Retype the listing exactly, minus its pictures.

Information shown:
——

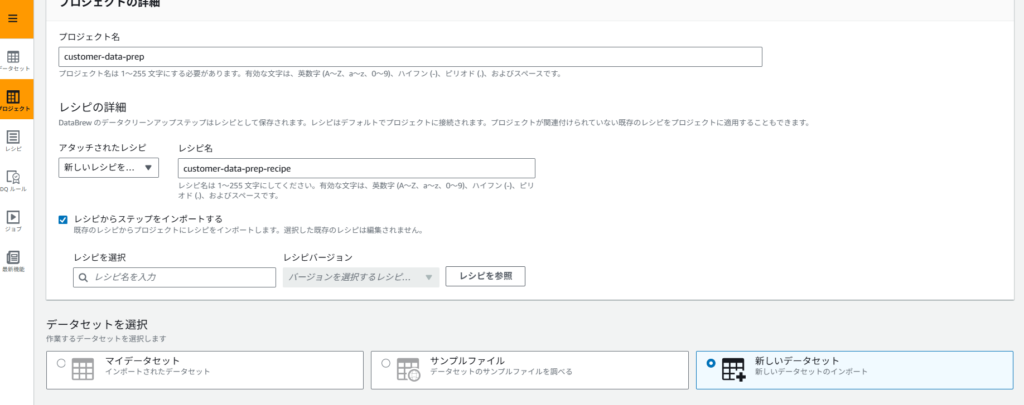 1. 検索窓から AWS Glue DataBrew → 左タブから「プロジェクト」→「プロジェクトを作成」
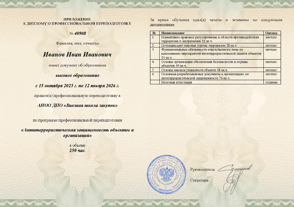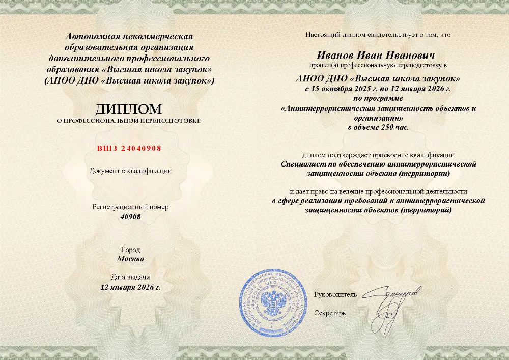 Повышение квалификации, 72 академических часа, 7 модулей: нормативно-правовые основы и угрозы в сфере образования, обязанности ответственных лиц, инженерно-техническая укрепленность объектов, анализ уязвимости, документооборот и действия персонала при ЧС. Онлайн-обучение в в Иваново с итоговой аттестацией.
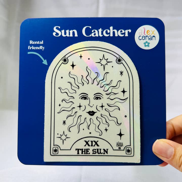 These rental friendly sun catcher stickers are made using refractory adhesive decals to create magical rainbow beams of light. How to use: Clean window with window cleaner, make sure not to leave any lint or fibres behind in the glass. Peel sun catcher from backing and stick to glass. Enjoy the rainbow show! Can be moved multiple times before damaging the suncatcher. Easy to remove: simply peel back sticker from window and wipe clean with cleaner and rag. Size: 9.6 x 11.9 cm (3.8 x 4.7 inches) Designed by me in my sunny studio in Sydney Australia.
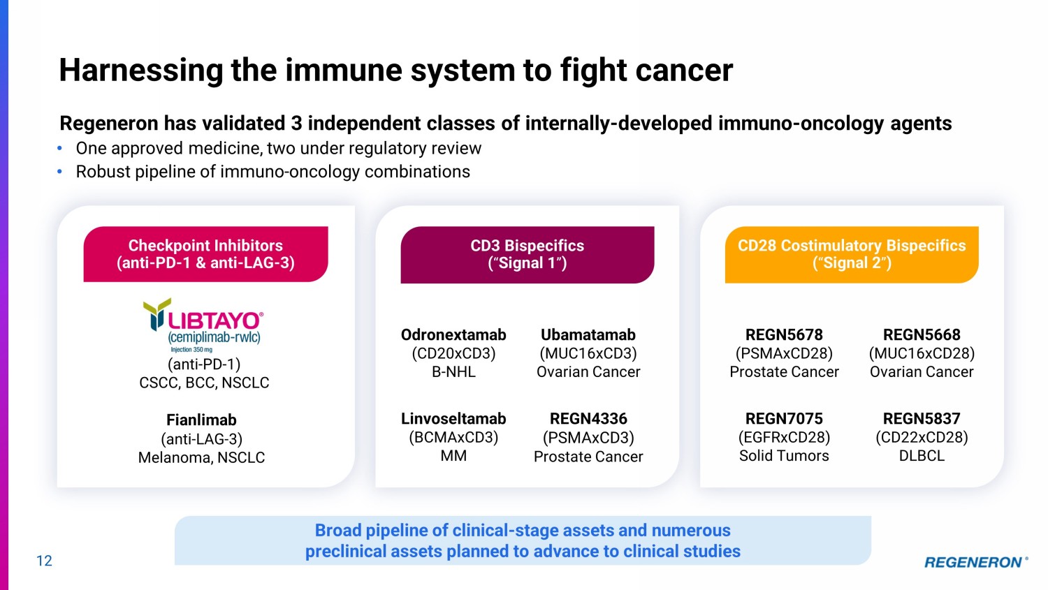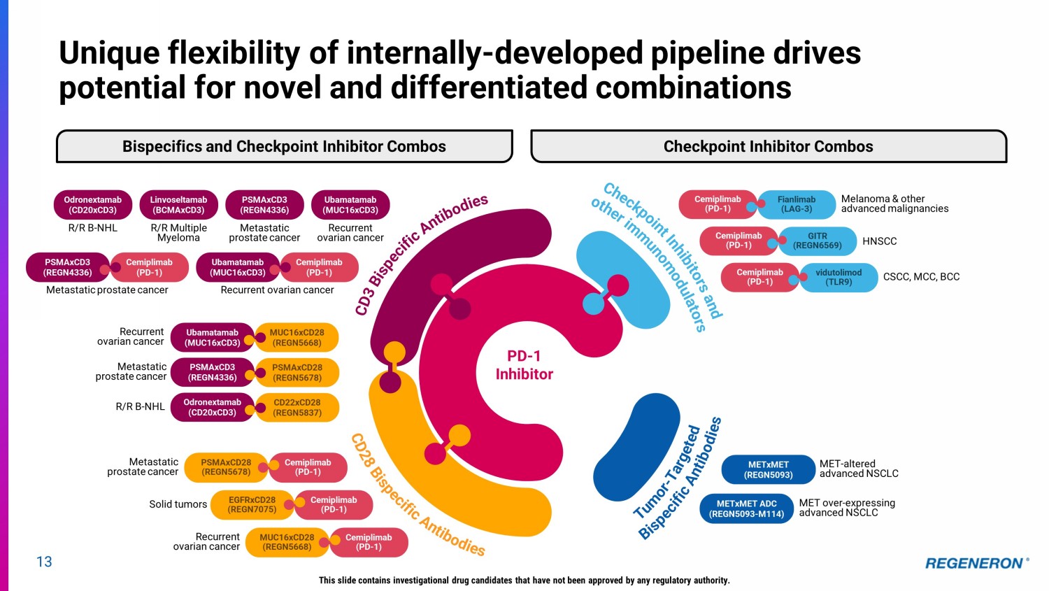 12 Harnessing the immune system to fight cancer Regeneron has validated 3 independent classes of internally - developed immuno - oncology agents • One approved medicine, two under regulatory review • Robust pipeline of immuno - oncology combinations CD28 Costimulatory Bispecifics ( “ Signal 2 ” ) Odronextamab (CD20xCD3) B - NHL Linvoseltamab (BCMAxCD3) MM REGN5678 (PSMAxCD28) Prostate Cancer REGN5668 (MUC16xCD28) Ovarian Cancer Ubamatamab (MUC16xCD3) Ovarian Cancer REGN7075 (EGFRxCD28) Solid Tumors Fianlimab (anti - LAG - 3) Melanoma, NSCLC (anti - PD - 1) CSCC, BCC, NSCLC REGN5837 (CD22xCD28) DLBCL REGN4336 (PSMAxCD3) Prostate Cancer CD3 Bispecifics ( “ Signal 1 ” ) Checkpoint Inhibitors (anti - PD - 1 & anti - LAG - 3) Broad pipeline of clinical - stage assets and numerous preclinical assets planned to advance to clinical studies

——

Solution to this exercise:
 1. 検索窓から AWS Glue DataBrew → 左タブから「プロジェクト」→「プロジェクトを作成」
 Повышение квалификации, 72 академических часа, 7 модулей: нормативно-правовые основы и угрозы в сфере образования, обязанности ответственных лиц, инженерно-техническая укрепленность объектов, анализ уязвимости, документооборот и действия персонала при ЧС. Онлайн-обучение в в Иваново с итоговой аттестацией.
 These rental friendly sun catcher stickers are made using refractory adhesive decals to create magical rainbow beams of light. How to use: Clean window with window cleaner, make sure not to leave any lint or fibres behind in the glass. Peel sun catcher from backing and stick to glass. Enjoy the rainbow show! Can be moved multiple times before damaging the suncatcher. Easy to remove: simply peel back sticker from window and wipe clean with cleaner and rag. Size: 9.6 x 11.9 cm (3.8 x 4.7 inches) Designed by me in my sunny studio in Sydney Australia.
 12 Harnessing the immune system to fight cancer Regeneron has validated 3 independent classes of internally - developed immuno - oncology agents • One approved medicine, two under regulatory review • Robust pipeline of immuno - oncology combinations CD28 Costimulatory Bispecifics ( “ Signal 2 ” ) Odronextamab (CD20xCD3) B - NHL Linvoseltamab (BCMAxCD3) MM REGN5678 (PSMAxCD28) Prostate Cancer REGN5668 (MUC16xCD28) Ovarian Cancer Ubamatamab (MUC16xCD3) Ovarian Cancer REGN7075 (EGFRxCD28) Solid Tumors Fianlimab (anti - LAG - 3) Melanoma, NSCLC (anti - PD - 1) CSCC, BCC, NSCLC REGN5837 (CD22xCD28) DLBCL REGN4336 (PSMAxCD3) Prostate Cancer CD3 Bispecifics ( “ Signal 1 ” ) Checkpoint Inhibitors (anti - PD - 1 & anti - LAG - 3) Broad pipeline of clinical - stage assets and numerous preclinical assets planned to advance to clinical studies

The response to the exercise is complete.